Reputation: 1517
I have a bunch of small (1KB to 1MB) text files stored in Amazon S3 that I would like to process using Amazon EMR's Hadoop.
Each record given to the mapper needs to contain the entire contents of a text file as well as some way to determine the filename, so I cannot use the default TextInputFormat.
What is the best way to accomplish this? Is there anything else I can do (like copying files from S3 to hdfs) to increase performance?
Upvotes: 0
Views: 885
Reputation: 2167
The best approach according to me would be to create an external table
on the CSV files and load it into another table stored again in S3
bucket in parquet
format. You will not have to write any script in that case, just few SQL queries.

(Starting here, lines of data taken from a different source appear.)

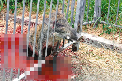 【本報訊】野豬衝欄被夾死事件又再發生。一頭剛成年的野豬,昨晨8時許,在上水大頭嶺村疑外出覓食時離群,誤撞向引水道一道鐵欄時,遭兩條鐵枝夾住頭部,幾經掙扎仍未能脫困,導致頸部遭鐵枝割至重傷,血流滿地;消防員趕至以帆布蓋著牠的眼部其穩定情緒後,再由漁護署女獸醫打麻醉針將其救出,事件擾攘約2小時,惟經檢查證實野豬傷勢太重,需人道毀滅。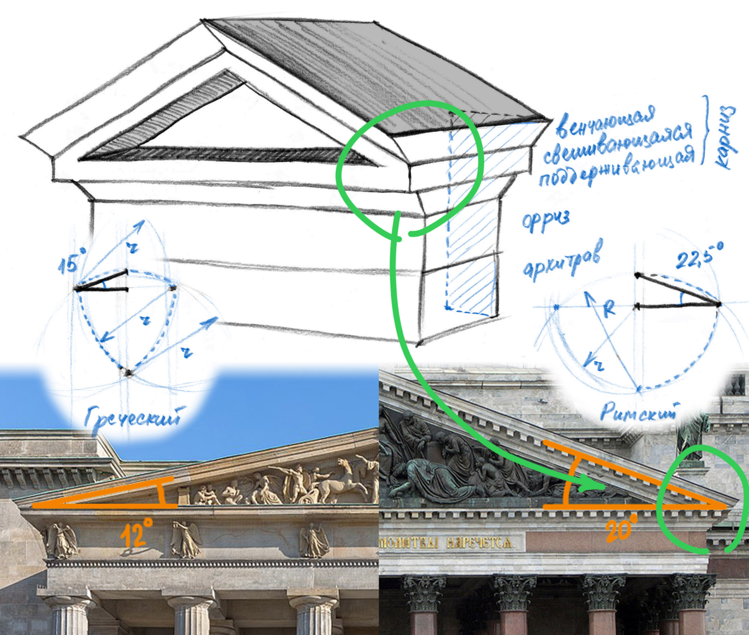 Сразу скажу, что я не читал множество книг и трудов древних мастеров архитектуры, а только пару книг советских архитекторов, ссылающихся на труды архитектора эпохи Возрождения Виньолы, который в свою очередь ссылается на труды древних римлян, которые ссылаются на греков… и почерпнул из них основные правила и нормы получения по настоящему красивой классики.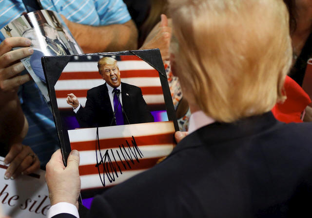 Donald Trump signs autographs at the end of a campaign rally in Eugene,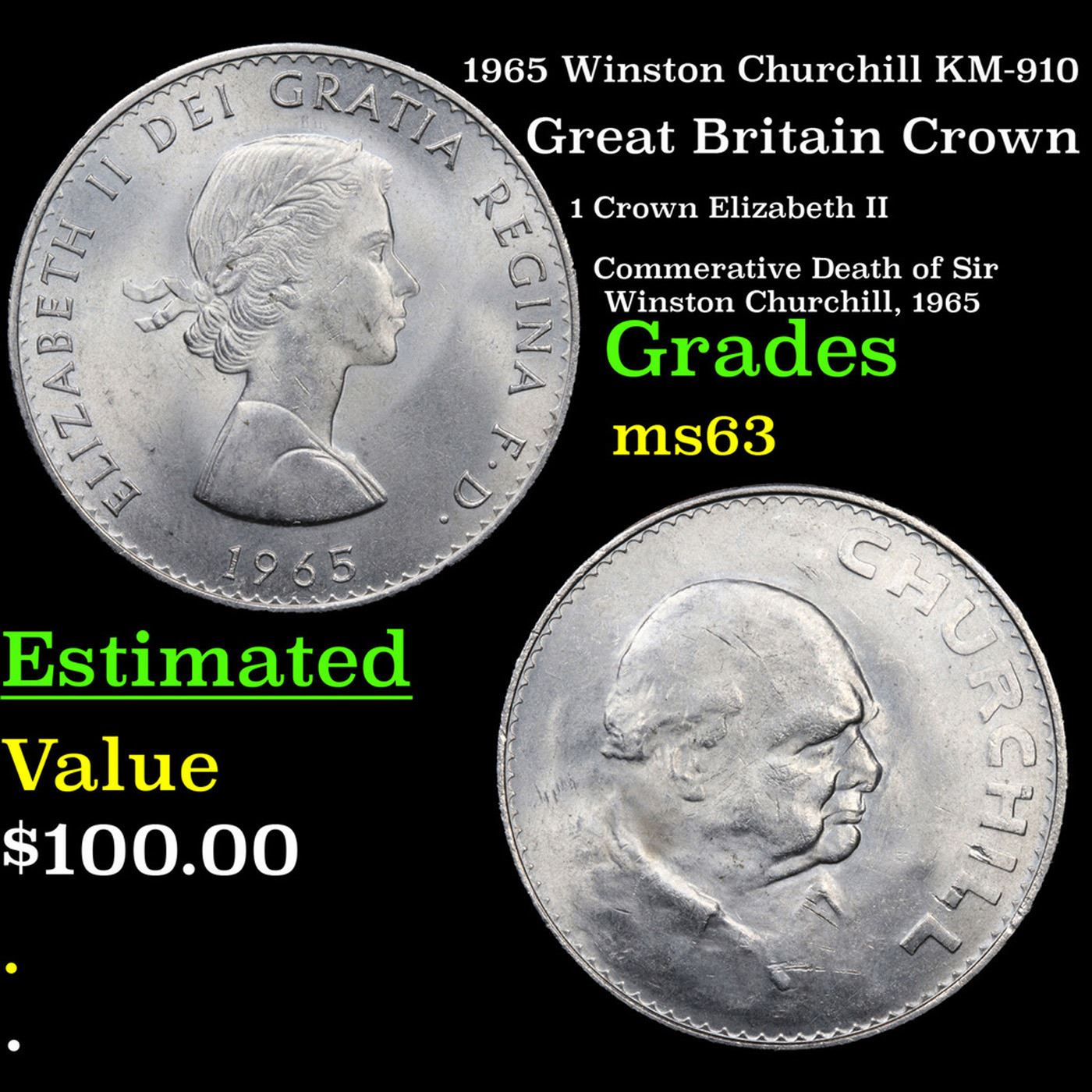 1965 Winston Churchill KM-910 1 Canadian Crown Grades Select Unc. Obverse Young laureate bust of HM Queen Elizabeth II right, legend around, date below. Reverse A somber-looking portrait of Sir Winston Churchill, in a siren suit facing right.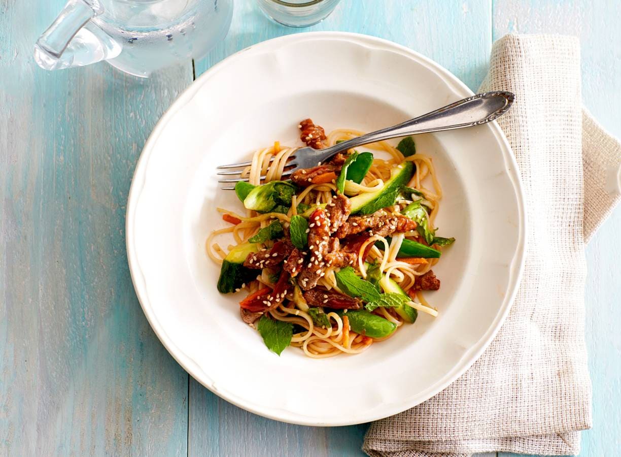 Schep de salademix, komkommer en dressing door de koude noedels en breng op smaak met peper en eventueel zout. Garneer met de runderreepjes.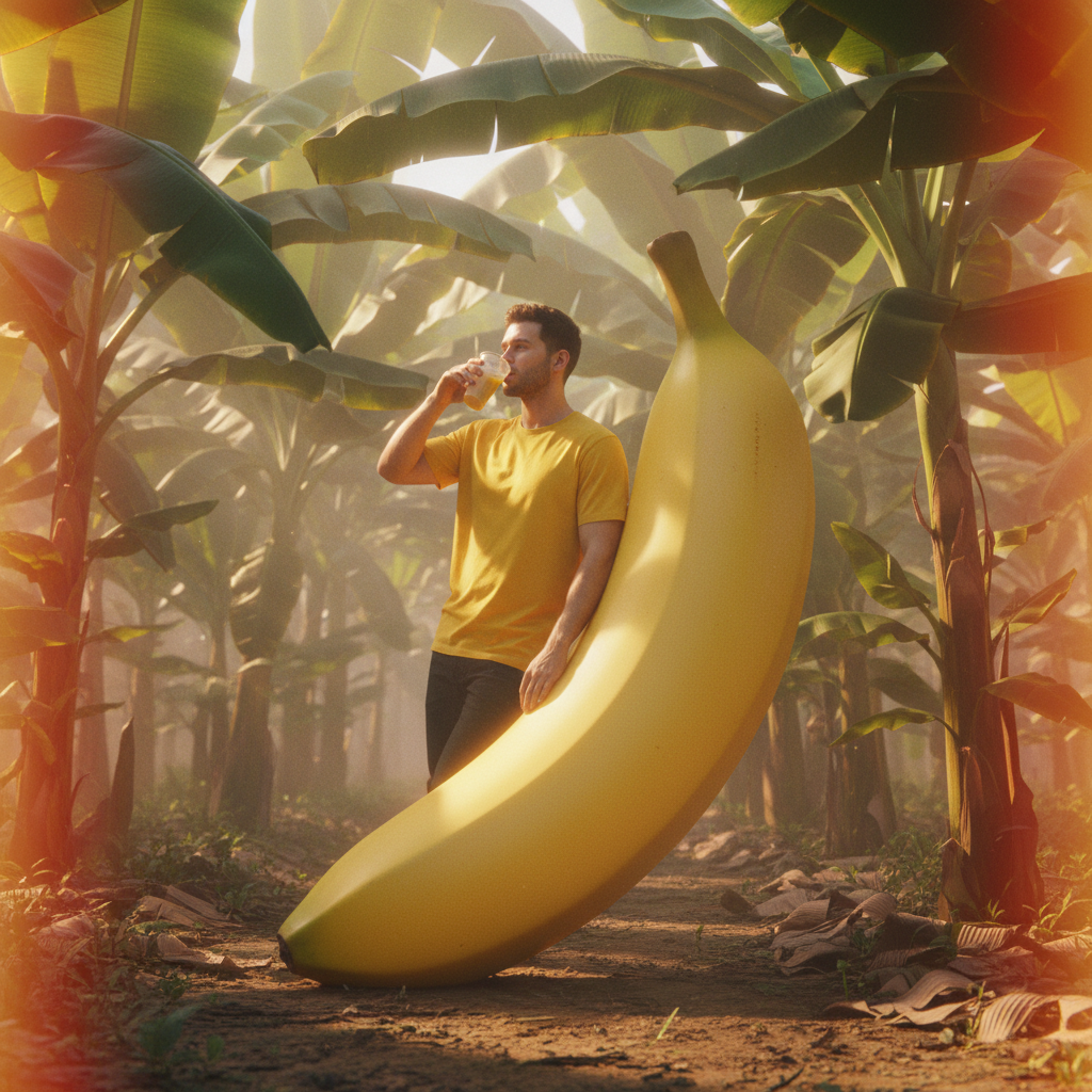 Prompt: A relaxed environmental portrait of a man standing in a tropical banana forest, framed at eye-level with a grounded, cinematic perspective. His body settles into a natural Contrapposto Tilt — weight anchored into one hip, shoulders drifting into a soft counterbalance. He leans gently against a giant, slightly surreal banana: its surface smoother and more uniform than nature, with a clean gradient of yellow, minimal blemishes, and a subtle product-like sheen that hints at stylization without becoming cartoonish. He lifts a cup of juice casually in one hand, adding a simple narrative gesture.

CREATE EXTERNAL TABLE databasename.CSV_EXT_Module(
recordType BIGINT,
servedIMSI BIGINT,
ggsnAddress STRING,
chargingID BIGINT,
...
...
)
ROW FORMAT DELIMITED FIELDS TERMINATED BY ','
LOCATION 's3://module/input/csv_files/'
TBLPROPERTIES ("skip.header.line.count"="1");
The above table will only be an external table mapped to the csv file.
Create another table on top of it if you want the query to run faster:
CREATE TABLE databasename.RAW_Module as
SELECT
recordType,
servedIMSI,
ggsnAddress,
chargingID,
...
regexp_extract(INPUT__FILE__NAME,'(.*)/(.*)',2) as filename from
databasename.CSV_EXT_Module
STORED AS PARQUET
LOCATION 's3://module/raw/parquet_files/';
Change the regexp_extract to have the required input file name.
Upvotes: 1
Reputation: 1802
I had the same issue. Please refer following questions.
If you don't have any large files, but have a lot of files, it's sufficient to use s3cmd get --recursive s3://<url> .
command. After retrieved files into EMR instance, you could create tables with Hive. For example, you can load whole files with LOAD DATA
statement with partition.
sample
This is a sample code
#!/bin/bash
s3cmd get --recursive s3://your.s3.name .
# create table with partitions
hive -e "SET mapred.input.dir.recursive=true; DROP TABLE IF EXISTS import_s3_data;"
hive -e "CREATE TABLE import_s3_data( rawdata string )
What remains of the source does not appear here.